> For the complete documentation index, see [llms.txt](https://docs.revault.onepub.dev/llms.txt). Markdown versions of documentation pages are available by appending `.md` to page URLs; this page is available as [Markdown](https://docs.revault.onepub.dev/docs/archive_restructure_summary_report.md).

# Archive Restructure And Upstream Encoder Report

Date: 2026-05-22

## Executive Summary

Two tracks ran in parallel:

1. A subagent prepared a small upstreamable `ruzstd` patch in `/tmp/zstd-rs-upstream` on branch `compression-ratio-spike`.
2. This repository gained a clean-slate archive v2 design note and a probe that estimates pack-layout and metadata effects.

The main conclusion is conservative: a format restructure is useful for simplifying updates, recovery, and future compression policy, but it does not by itself close the size gap to `tar | zstd | gpg`. The dominant size gap is still the pure-Rust zstd encoder quality, especially on text/source trees.

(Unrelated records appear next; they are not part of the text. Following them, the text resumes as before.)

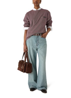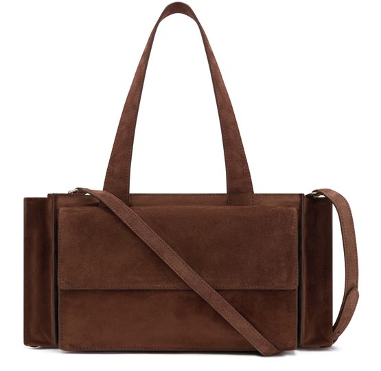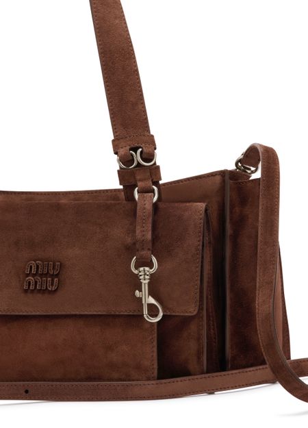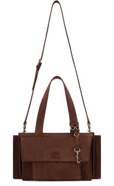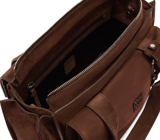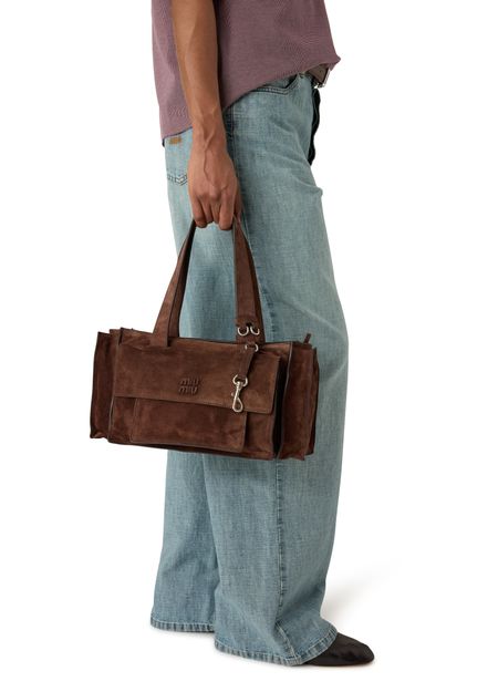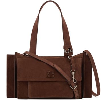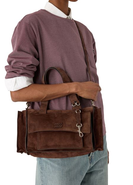 Reveal Miu Miu's multi-pocket hand-held bag, crafted in sumptuous suede with double handles and a thin, adjustable strap for versatile styling. The spacious interior features a zippered pocket and external compartments, while the front embossed logo and metal finish add a refined touch to this modern essential.
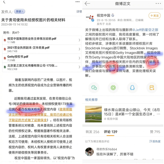 有网友发现,视觉中国在给戴建峰的邮件里声称“著作权相关权利”,而公开声明中没有这么说。(图/微博)
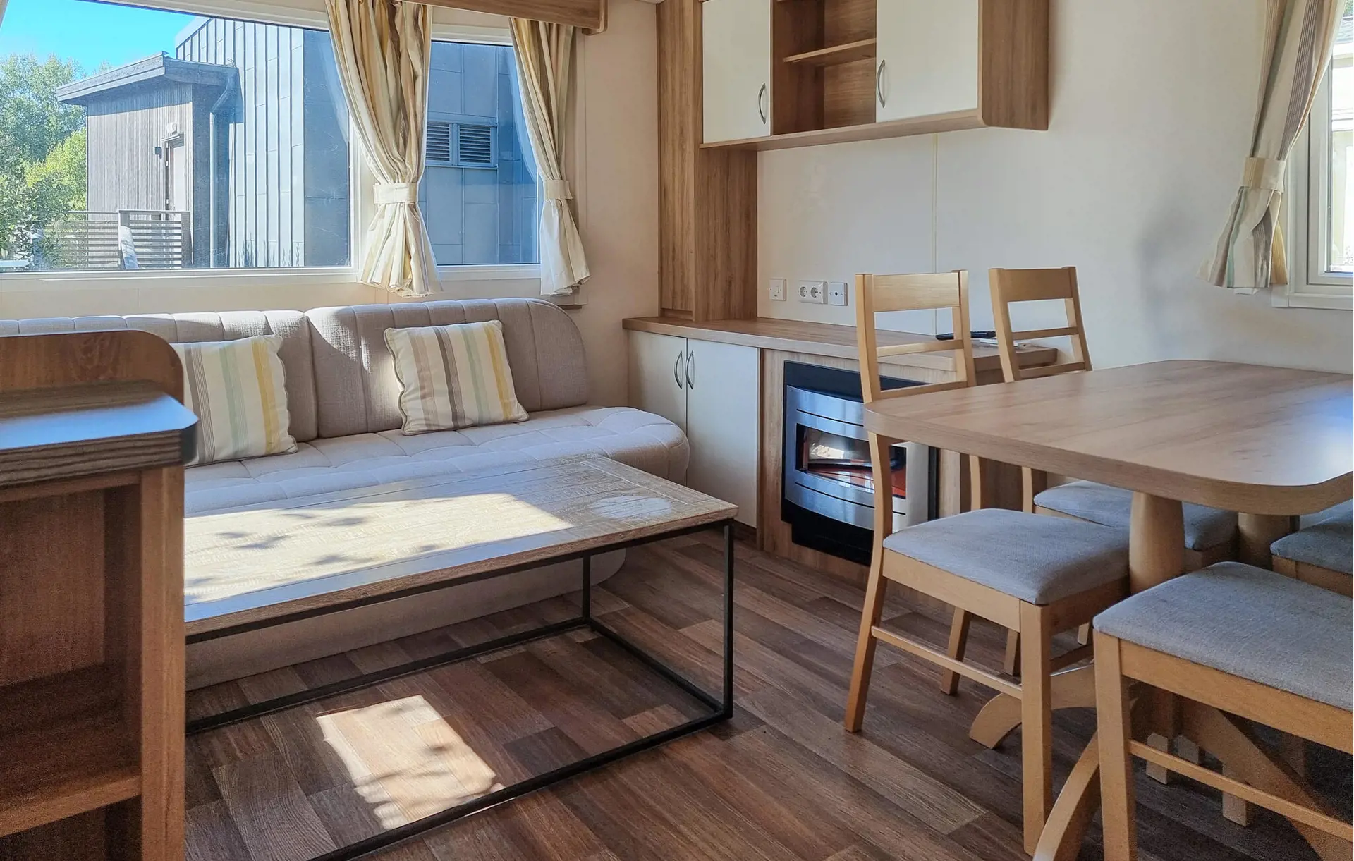 Genießen Sie die ländliche Ruhe und lassen Sie den Alltag hinter sich. Dieses großzügige Holzhaus empfängt Sie mit einer warmen Atmosphäre und bietet viel Platz für gemeinsame Stunden mit der Familie oder Freunden. Dank der individuellen Einrichtung mit liebevollen Details wirkt das ganze Haus persönlich und einladend. Bereiten Sie in der geräumigen Küche leckere Mahlzeiten zu, nutzen Sie die praktische Kochinsel und die umfangreiche Ausstattung. Der offene Wohnbereich mit großem Sofa und gemütlicher Sitzecke lädt zu langen Spieleabenden ein.

## Upstream `ruzstd` Track

The subagent changed `/tmp/zstd-rs-upstream`, not this repository.

Branch:

* `compression-ratio-spike`

Changed files:

* `ruzstd/src/encoding/levels/fastest.rs`
* `ruzstd/src/encoding/levels/fastest_tests.rs`
* `ruzstd/src/encoding/levels/mod.rs`
* `ruzstd/examples/compression_ratio.rs`
* `Changelog.md`

Patch summary:

* `Fastest` now emits a raw block when the compressed payload is not smaller than the source block.
* This avoids avoidable expansion on incompressible blocks.
* The patch is deliberately small and suitable for upstream review.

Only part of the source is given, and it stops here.